Residues that have been masked are represented as "X" in an alignment.
SEG
filtering is performed by default in the blastp subroutine of BLAST
2.0. (Wootton
and Federhen)
Silent mutations
From Gusfield's book: "A mutation in a DNA codon that does not change the
specified amino acid. Most often, a silent mutation is in the third nucleotide
in the condon."
Similarity
The extent to which nucleotide or protein sequences are related. The extent
of similarity between two sequences can be based on percent sequence identity
and/or conservation. In BLAST similarity refers
to a positive matrix score.
Single-Pass sequence
Single pass means that a sequence has been analized on the sequencer machine only once. Generally, when the researcher is looking for the precise sequence of a clone, the sequencing reaction is served serveral times, each at a different time interval and in a separate lane of the sequencing gel. This is to produce an overlaping series of reads (all coming from the same clone and same reaction) that is used both to corroborate the sequence (by depth provided by overlap) and to extend beyond the natural length achievable in one lane by the size of the gel and by band distorsions at the bottom of the gel. It is sometimes called walking reads in a directed approach (new primers can be designed from the learned sequence to amplify and continue the walking).

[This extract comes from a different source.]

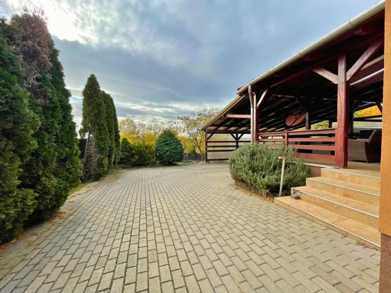 Esztétikus és magas felszereltségű családi ház eladó Őrbottyán központjában!Az ingatlan egyedi tervek alapján épült 2005-ben, egy összközműves, 991 nm-es telekre. A 168 nm-es, 5 szobás ház tégla építésű, 5 cm hőszigeteléssel ellátott. Fűtéséről és melegvíz-ellátásról kondenzációs gázkazán gondoskodik, a közös helyiségekben és fürdőszobákban padlófűtéssel, hálószobákban radiátor hőleadókkal. A napelem rendszernek és a ház adottságainak köszönhetően a rezsi rendkívül alacsony.A földszinten hűtő-fűtő klíma, a tetőtérben rejtett beltéri egységgel rendelkező klíma biztosítja a kellemes hőmérsékletet.További műszaki adatok: - műanyag nyílászárók alumínium redőnyökkel és szúnyoghálóval- biztonsági bejárati ajtó,- magas minőségű beltéri ajtók, burkolatok- riasztó és kamera rendszer- BWT vízlágyító rendszer- elektromos kapu és garázsajtó- öntözőrendszer a kertben- gépesített konyha- jacuzzi- beépített szekrények- dupla mosdós fürdőszobák- fedett 26 nm-es terasz- fedett, dupla kocsi beálló- gondozott növényzet- térkövezett udvarRöviden az otthonról:A házba belépve a közlekedőn át egy ízlésesen kialakított és meleg hangulatú térbe érkezünk, ahol 2 lépcsőfokos szinteltolással elkülönül a nagy étkező-konyha rész és a galériás kialakítás miatt, tágas és világos terekkel rendelkező, otthonos nappali. A földszinten helyett kapott egy hálószoba saját gardróbbal, fürdőszoba WC-vel, háztartási helyiség, ahonnan közvetlen átjárás vezet a 16 nm-es garázsba.A nappali impozáns eleme sötétszínű, kényelmes lépcső, amely a tetőtérbe vezet. Itt 3 hálószoba és egy zuhanyzó+WC kapott helyet, kis előtérrel. A szobák hangulata a tető összetett kialakítása miatt igazi elvonulós, pihenős, privát helyek a család kisebb-nagyobb tagjai számára.Télen-nyáron élvezhetjük a nappaliból és az udvarról is megközelíthető nagy, fedett teraszt, ami jó beszélgetések, pihenések ideális helyszíne.Az udvar belső részében fedett parkolási lehetőség is rendelkezésre áll, ezen felül az utcafronton található fűtött garázs és további parkolóhelyek állnak rendelkezésre kapun belül. A telek hátsó, füves része ideális helyszín kerti-sütögető kialakítására, gyerekeknek játszani, konyhakertnek és család négylábú tagjai is örömüket lelik benne.Elhelyezkedés:Őrbottyán Pest vármegyében, a fővárostól mindössze 25 kilométerre, Veresegyház és Vác között található, nyugodt, zöldövezeti település, kiváló közlekedéssel Budapest irányába.Autóval az M2-es autóúton, illetve a Budapest–Vác vasútvonalon kényelmesen megközelíthető; a vonat kb. 35–40 perc alatt a Nyugati pályaudvarra ér.A településen van óvoda, bölcsőde, iskola, orvosi rendelő, posta, gyógyszertár, kisebb éttermek és több bevásárlási lehetőség is. Őrbottyán rendezett, biztonságos, családbarát környezetet kínál, ahol a kertvárosi nyugalom és a főváros közelsége ideálisan találkozik.Ha felkeltettem érdeklődését hívjon bizalommal. Amiben segíteni tudjuk ingatlanvásárlását:- jogi háttér- földhivatali ügyintézés- ingyenes, bankfüggetlen hitelügyintézés (CSOK és Babaváró ügyintézése is.)- energetikai tanúsítvány elkészítése- biztosítás- belsőépítész

Single pass is avoiding all these expensive checkups, and a reaction is loaded only one time in one lane, meaning that only one sample sequence is obtained from a given clone. Instead it relies in finding random overlaps with other clones in a shotgun sequencing approach. NOTE: In this past definition, I assume that a single lane is enough to see all four bases, as in multiplexed gel loading.
String
An ordered sequence of letters from a given alphabet. A substring
is defined as a contigous subset (portion) of a string.
Sequence Tagged Site (STS)
From Gusfield's book: "Roughly, a short DNA sequence that occurs only
once in the genome. More exactly, a pair of PCR primers within a bounded
distance, with the property that PCR succeeds using them at only one location
in the genome. STS provide markers throughout the genome, but they need
not be located in genes, in contrast to ESTs".
Substitution
The presence of a non-identical amino acid at a given position in an alignment.
If the aligned residues have similar physico-chemical properties the substitution
is said to be "conservative".
Substitution
Matrix
A substitution matrix containing values proportional to the probability
that amino acid i mutates into amino acid j for all pairs of amino acids.
such matrices are constructed by assembling a large and diverse sample
of verified pairwise alignments of amino acids. If the sample is large
enough to be statistically significant, the resulting matrices should reflect
the true probabilities of mutations occuring through a period of evolution.
Unitary Matrix
Also known as Identity Matrix. A scoring system in which only identical
characters receive a positive score.